Solar · **Posted:** Wed Jan 03, 2018 9:09 am

CPU bug makes virtually all chips vulnerable to page table exploit.

The Register: 'Kernel memory leaking' Intel processor design flaw forces Linux, Windows redesign

python sweetness: The mysterious case of the Linux Page Table Isolation patches

----

Edit:

Not limited to Intel.

Brendan · **Posted:** Wed Jan 03, 2018 9:49 am

Hi,

Solar wrote:

CPU bug makes virtually all Intel chips vulnerable to page table exploit.

Actual details for the vulnerability are still under "embargo"; so I've been chasing clues all day and trying to piece it all together.

So far my theory is that the attack works like this:

Attacker starts a transaction (using Intel's TSX)
Attacker attempts to read from an address in kernel space, like "movzx edi, word [kernelAddress]". This would normally (without TSX) cause a page fault, but only causes the transaction to be aborted.
CPU speculatively executes the read from kernel space; but (for performance reasons?) does the protection checks in parallel with the read, causing a temporary register to be set to the value that was read from kernel space. When the protection checks complete the instruction is tagged as "failed/bogus" and later on (when the instruction hits retirement) the results are discarded and the transaction is aborted
Attacker attempts to read from a buffer where the address depends on the previously read value from kernel space, like "mov rax,[buffer+rdi*8]"; but arranges this to be speculatively executed before the previous instruction hits retirement.
CPU speculatively executes this read too; causing the read to use the address in the temporary register from the previous read.
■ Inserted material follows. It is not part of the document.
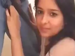 Horny Indian chick gives a sensual blowjob while driving
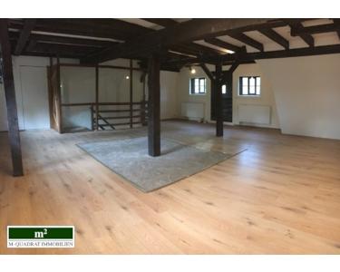 Die links im Gebäude vorhandenen Räumlichkeiten in denen historisch der Mühlenbetrieb stattfand, versprühen Fachwerkcharme und bieten zugleich Platz für moderne Arbeitsplätze oder Ladenflächen bei flexibler Raumaufteilung.

This second read is also discarded at retirement; but the cache line is fetched (or at least the fetch is "speculatively started").
Attacker figures out which cache line (in their buffer) was fetched by measuring how long a normal access takes (cache hit or cache miss), and uses this information to figure out the which address was used (to the nearest 64 bytes) and therefore determine the highest bits of the value that was in the temporary register, which is the highest bits of the value at "kernelAddress" in kernel space.
Attacker repeats this process a few more times (e.g. using "mov rax,[buffer+rdi*8 + 4]", "mov rax,[buffer+rdi*8+2]", "mov rax,[buffer+rdi*8+1]") to determine the lower bits of the value at "kernelAddress".
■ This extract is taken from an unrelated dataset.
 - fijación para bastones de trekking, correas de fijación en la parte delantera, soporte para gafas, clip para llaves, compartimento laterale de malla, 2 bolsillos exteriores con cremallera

The end result is that the attacker (in user space, running at CPL=3) can read data from kernel space, bypassing the page's permissions.

Cheers,

Brendan

Solar · **Posted:** Wed Jan 03, 2018 10:12 am

The main problems here are:

Apparently there is no way to fix this in hardware / firmware.
It renders the "obvious" solution of mapping the kernel into a process' memory tables vulnerable for exploit.

This means pretty much every x86-based OS is affected, and the Wiki should probably be sifted for relevant passages once details become available.

bace · **Posted:** Wed Jan 03, 2018 11:30 am

Brendan wrote:

[*]Attacker figures out which cache line (in their buffer) was fetched by measuring how long a normal access takes (cache hit or cache miss), and uses this information to figure out the which address was used (to the nearest 64 bytes)

If the attack relies on precise timing, does this mean it could be prevented by disabling the TSC at CPL=3?

Octacone · **Joined:** Fri Aug 07, 2015 6:13 am **Posts:** 1134

I wanted to make a topic about this but it looks like somebody already has.

The main problem is that there is no easy fix, and there are speculations that fixing this would cause 30% performance drop across all Intel based PCs from last 10 years.
This is actually huge! I wonder if it is all worth it? 30% slower PC, no thanks. Users should be given a choice. Bigger companies might want to patch this and trade security for speed but regular users - don't think so.
I bet AMD is banging their heads against the wall thinking how they could use this thing in their advantage.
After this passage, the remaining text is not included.